Performance of DIPx in the AZS dataset.

This includes both Test Set 1 (panels a, b, c, f) and Test Set 2 (panels d, e, g). a) Comparison of predicted vs observed synergy scores for all experiments in Test Set 1. b) Comparison of DIPx vs TAIJI-M in terms of the correlation between predicted and observed synergy scores from all experiments in Test Set 1. Each boxplot shows the results based on 100 bootstrap replicates of the training set. c) Comparison of DIPx and TAIJI-M performance across cell lines in Test Set 1. Each point represents the correlation between the predicted and observed synergy for a given cell line. d) Comparison of DIPx vs TAIJI-M in Test Set 2. Each boxplot displays the correlations between the predicted and observed values obtained from 100 bootstrap replicates of the training set. e) Comparison of performance between DIPx and TAIJI-M in Test Set 2 in relation to the number of drugs in common (x-axis) between the combinations in the test set and the training set. f) and g) DIPx vs TAIJI-M in three groups classified by monotherapy sensivitity of two drugs in a combination in Test Set 1 (f) and Test Set 2 (g).
**Figure 2—figure supplement 1**. 10-fold cross validation of DIPx in the training set of the ASZ DREAM dataset

To demonstrate that DIPx does not overfit the training set, we performed a 10-fold cross-validation for DIPx. Figure 2-figure supplement 1 shows the Spearman correlation between the predicted and observed Loewe scores across the ten folds. DIPx achieved a median correlation of 0.48, which is comparable to the correlation of 0.50 in Test Set 1. This indicates that there is no evidence of overfitting in the training set.

Furthermore, we compared the performance of DIPx and TAIJI-M across all cell lines in Test Set 1 using a Spearman correlation between the predicted and observed synergy scores, as shown in Figure 2c. A majority of the cell lines (63%) are below the diagonal line, indicating that DIPx outperforms TAIJI-M in predicting synergy scores for these cell lines.

We also compared the performance of DIPx and TAIJI-M in Test Set 2. As expected, the prediction performance of both methods was worse in Test Set 2 than in Test Set 1 since Test Set 2 consists of new combinations absent from the training set. The Spearman correlation of the observed vs predicted synergy using DIPx is 0.26 (95% CI: 0.22–0.30), which is greater than 0.18 (95% CI: 0.16–0.20) using TAIJI-M. However, the difference is not statistically significant. Figure 2d show that this result is stable across 100 bootstrap replications of the training set. A similar downward bias for DIPx is observed in the bootstrap distribution.

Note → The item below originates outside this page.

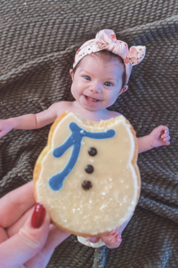 Linda Runzi of Festus took this picture during Christmastime of her granddaughter, Blayke Green, 3 months. “She was so tiny we could hold up this little sugar cookie to her,” Linda said.

To investigate the effect of unseen combinations on prediction performance, we divided each combination (drug A + drug B) in Test Set 2 into one of three groups based on the number of individual drugs present in the training set: (i) neither drug A nor drug B in the training set (“no drug”), (ii) either drug A or drug B in the training set (‘one drug’), (iii) and both drugs A and B in the training set (‘two drugs’), as shown in Figure 2e. Overall, both DIPx and TAIJI-M showed improved performance as the number of drugs present in the training set increased. For experiments in which both drugs were not in the training set (n = 262), TAIJI-M achieved a median correlation of 0.11, while DIPx performed worse with a median correlation of –0.03. For experiments with at least one drug in the training set (n = 2, 499), both methods showed improved performance with median correlations of 0.16 and 0.12 for DIPx and TAIJI-M, respectively. When both drugs in an experiment were present in the training set (n = 4, 370), DIPx achieved a median correlation of 0.30, which was better than TAIJI-M’s performance (r = 0.22, p-value < 6 × 10⁻⁴).

Monotherapy drug response profiles have been shown to correlate with synergistic effects and contribute to improving prediction performance, e.g., in TAIJI (Li et al., 2018). Here, we compared the performance of DIPx and TAIJI-M in relation to monotherapy sensitivity as measured by the IC50 value. We categorized each experiment in the AZS test sets into three groups according to the monotherapy response. Briefly, we first calculated the median sensitivity to monotherapy for each drug A (T_A) across all experiments. Measuring the response of a cell line to drug A in an experiment by S_A, the drug is considered sensitive if S_A ≥ T_A. We then compared the synergy of a combination of drugs A and B in relation to the monotherapy sensitivity to both drugs, only one drug, or neither drug.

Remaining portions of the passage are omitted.